Blinded VDFs and timelocks

TLDR: We show a simple technique to blind VDF and timelock outputs. More specifically, let g be an element in a group of unknown order. We show how to prove knowledge of x = g^{2^t} without revealing intermediate outputs g^{2^s} for s \le t.

Construction

Simply reveal x^3 with a corresponding Wesolowski proof. (Notice the Wesolowski scheme works for arbitrary exponents, not just powers of two.) More concretely, the prover reveals:

• x^3 = g^{3*2^t}
• p = g^{\lfloor{3*2^t/l}\rfloor} where l is a 256-bit prime deterministically generated from x^3

The verifier checks p^lg^{3*2^t \mod l} = x^3.

Blindness argument

(Note: This is not a formal cryptographic proof. Feedback and corrections welcome.)

Notice g^{2^s} cannot be extracted from g^{3*2^t} for s \le t because that would be taking the 3*2^{t - s} th root of x^3 and taking roots is assumed to be hard in an RSA group.
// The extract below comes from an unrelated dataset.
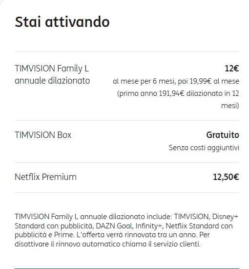 Per questo stavo pensando di fare Tim Vision avendo già Tim sulla seconda casa, ma qui mi chiedo se mi conviene farlo, poichè ho visto che ce il pacchetto completo con Netflix, Prime e Disney+, di base tim da i pacchetti base con pubblicità ma puoi cambiarli in fase di sottoscrizione e secondo i miei gusti il pacchetto verrebbe cosi:
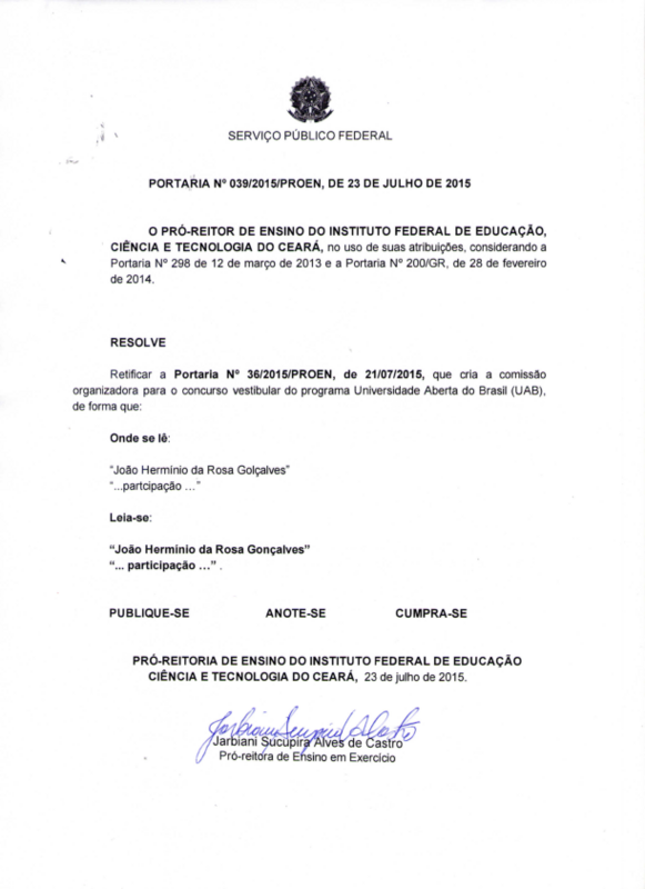 - Título alterado de Portaria No. 39/2014/PROEN, de 23 de Julho de 2015 para Portaria No. 39/2015/PROEN, de 23 de Julho de 2015

Also, the sequentiality assumption implies that g^{2^s} for s > t cannot be computed from g^{3*2^t} without computing g^{2^s - 3*2^t}. At best s = t+2 and g^{2^{t+2} - 3*2^t} = x must be computed first.

Similar blindness arguments apply to p. Indeed, the repeated square g^{2^s} cannot be extracted from p if 2^s < \lfloor3*2^t/l\rfloor by the roots assumption. And g^{2^s} cannot be computed from p if 2^s \ge \lfloor3*2^t/l\rfloor without first computing g^{2^s - \lfloor3*2^t/l\rfloor} which requires (except with negligible probability) essentially as much work as computing x (because l has 256 bits and 2^t has t \gg 256 bits).

Motivation

Blinding of repeated squares was motivated by the refreshed LCS35 puzzle where intermediate outputs are welcome:

CSAIL is also interested in solutions for t = 2 ^ k for 56/2 <= k < 56; these are called “milestone versions of the puzzle”

The above scheme allows to prove that milestone versions of the puzzle were computed without revealing them, and hence protecting against someone building upon them. The scheme may also be helpful in other contexts such as iterated VDFs.

4 Likes

This is pretty cool, although you mention RSA group here:

When the group is just assumed to be of unknown order, not necessarily an RSA group. The conclusion is totally the same but it might be a good thing to keep consistent.

While g^{2^s} cannot be calculated from g^{2^t} for s > t, it might be possible for an adversary to compute a g^{3*2^{t+n}} and corresponding p' without knowledge of x.

For an adversary to create a proof for a checkpoint g^{2^s}, where s = t + n, is there no reason why they can’t just raise the x^3 (as revealed by the prover in a previous proof for x) to a power 2^n? So x^{\prime3} = {x^{3}}^{2^n} = x^{3*2^n} = g^{3*2^t*2^n}=g^{3*2^{t+n}}. In this case the adversary does not know x^{\prime} yet they have generated an x^{\prime3} without doing any of the previous sequential work. This way an adversary could essentially compute a proof of the same form, starting the proof for x. Since the previous l was generated using x^3, an l' can be generated (I assume hash into primes) from x^{\prime3} and therefore used to calculate p^{\prime}=g^{⌊3*2^{t+n}/l^{\prime}⌋}, completing the Wesolowski proof. This doesn’t contradict the fact that x is blinded, but it might not prove knowledge for s>t. Does this work?

Right I meant group of unknown order here. (I’ve been studying RSA groups specifically in the context of VDFs and sometimes equate the two.)

Ah, yes. Well spotted! A fix may be to replace the prime 3 with one that is associated with the hash of a public key. Alternatively, one could pick a different prime per checkpoint (e.g. 3 for the first, 5 for the second, 7 for the third, etc.) for the refreshed timelock puzzle.